Return only the lines from the one that contains "近日,在北碚缙云法治文化公园" through the last line of the records below, exactly as they stand. Pictures are not part of the copy.

[[ The input open ]]

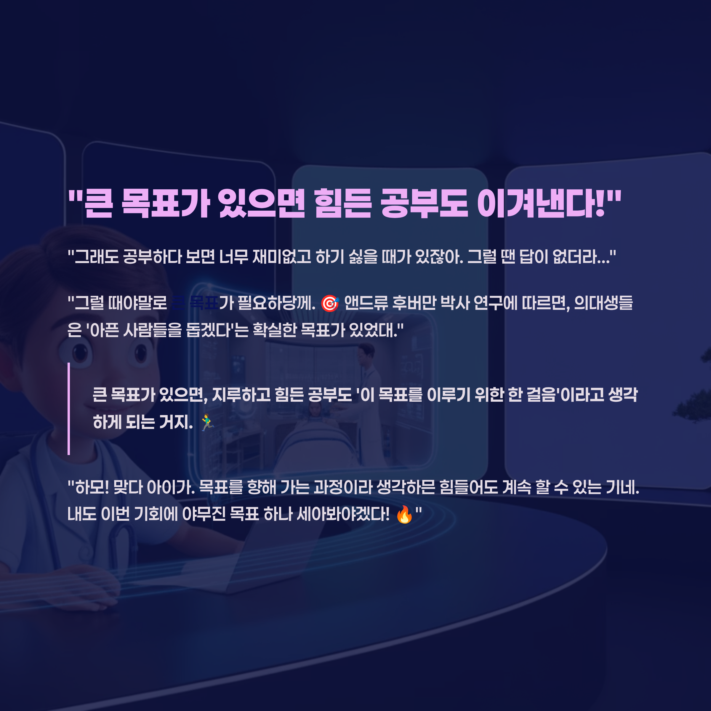 이런 큰 목표가 있으면, 지루하고 힘든 공부도
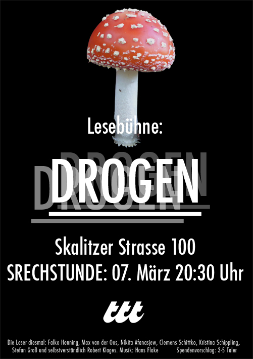 Veröffentlicht am Februar 27, 2015April 7, 2018Lesung in Berlin zum Thema Drogen Eine spannende Lesung und ein vergnüglicher Abend erwarten euch:
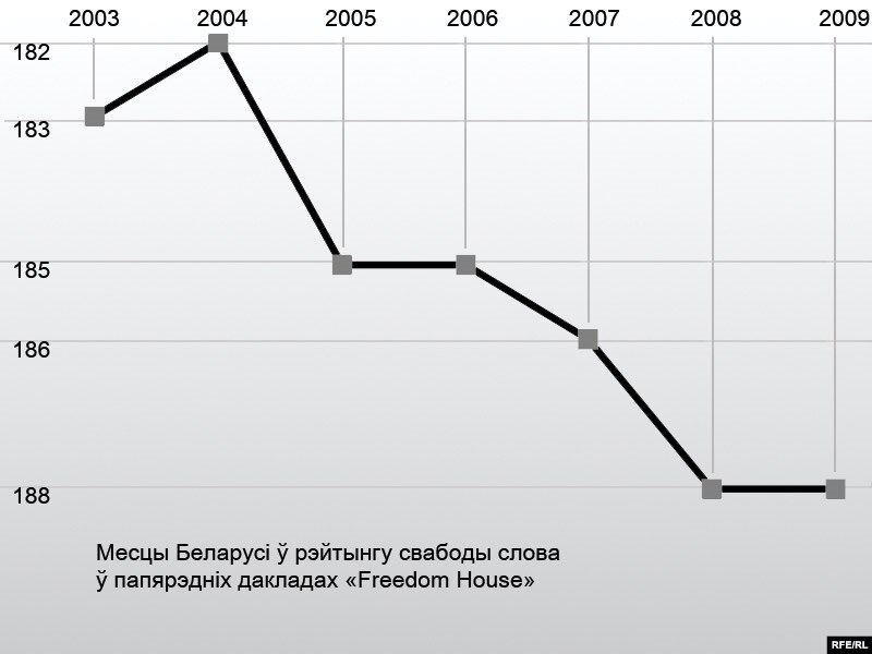 Беларусь традыцыйна ў рэйтынгах свабоды слова " Freedom House " трапляе ў хвост сьпісу, як краіна зь несвабоднай прэсай.
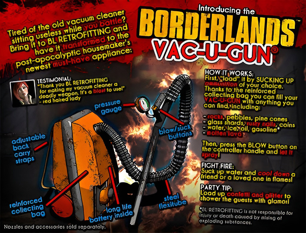 Nov 10 2009 - I designed and created an image of an original weapon for a competition held by V2.fi and the published of Borderlands. It is a vacuum cleaner that can take elements from the environment and use them in creative as ammunition and other non-lethal ways. In addition to the vacuuming, it can also blow whatever material is stored (and mixed) inside.
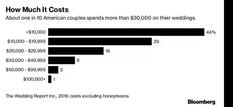 根据Wedding Report的调查,2016年一场婚礼的平均花销为26720美元,较之2015年仅上涨了0.3%,而且这个平均数受到了少数极为奢华的婚礼的影响,一场婚礼花销的中位数为14399美元。
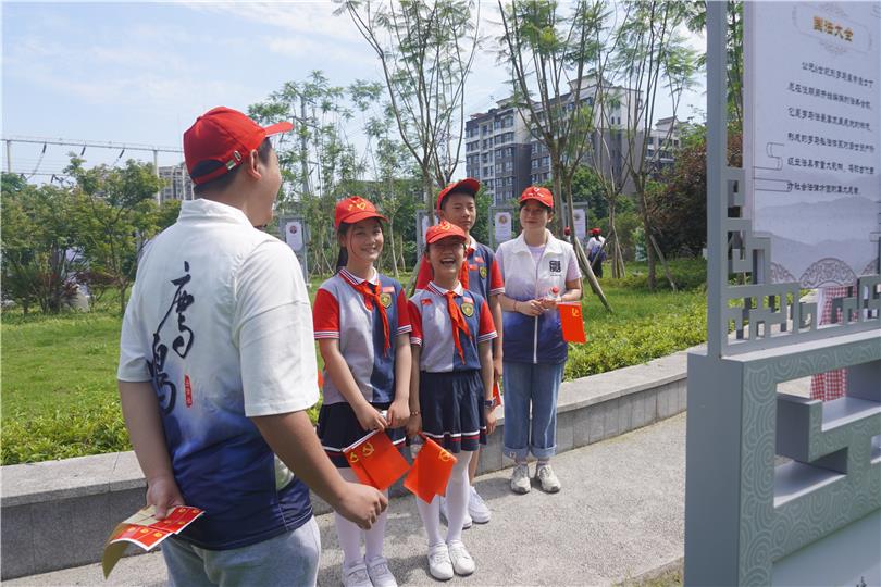 近日,在北碚缙云法治文化公园, Beat365中国唯一官方网站廌鸣法律社的青年志愿者们为北碚区华光小学6.1班的同学们上了一堂别开生面的沉浸式中小学法治教育课。
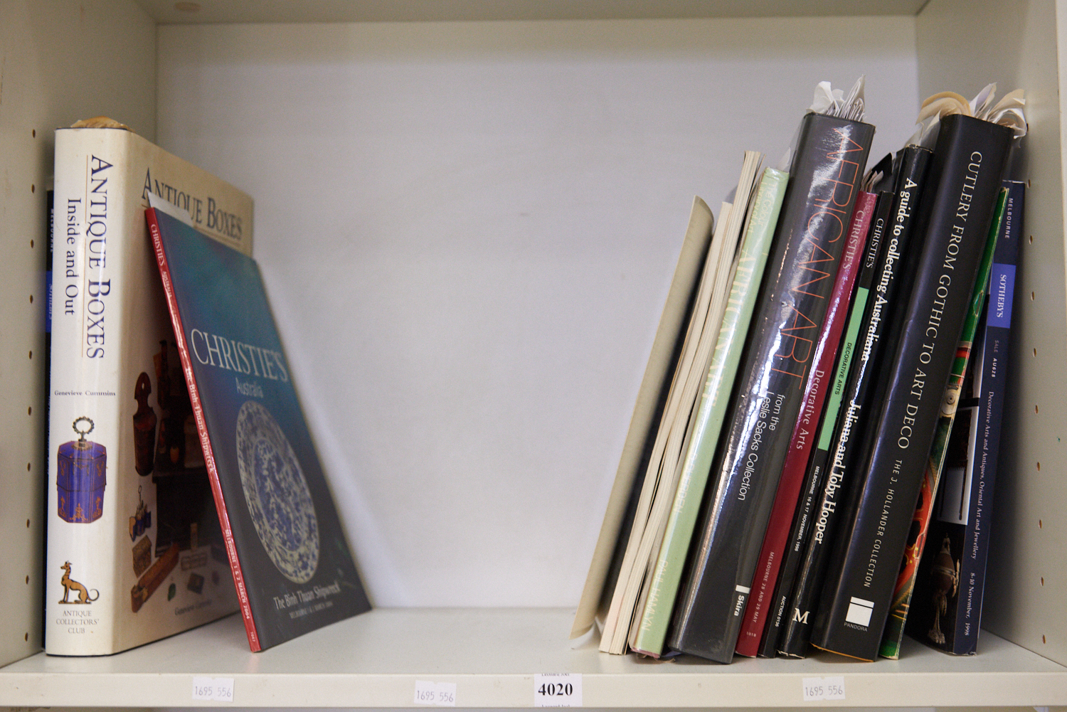 A SHELF OF BOOKS ON ANTIQUITIES, LEONARD JOEL LOCAL DELIVERY SIZE: SMALL. The Estate of Rodney Permezel

[[ The input closed ]]

→ **Task output**:
 近日,在北碚缙云法治文化公园, Beat365中国唯一官方网站廌鸣法律社的青年志愿者们为北碚区华光小学6.1班的同学们上了一堂别开生面的沉浸式中小学法治教育课。
 A SHELF OF BOOKS ON ANTIQUITIES, LEONARD JOEL LOCAL DELIVERY SIZE: SMALL. The Estate of Rodney Permezel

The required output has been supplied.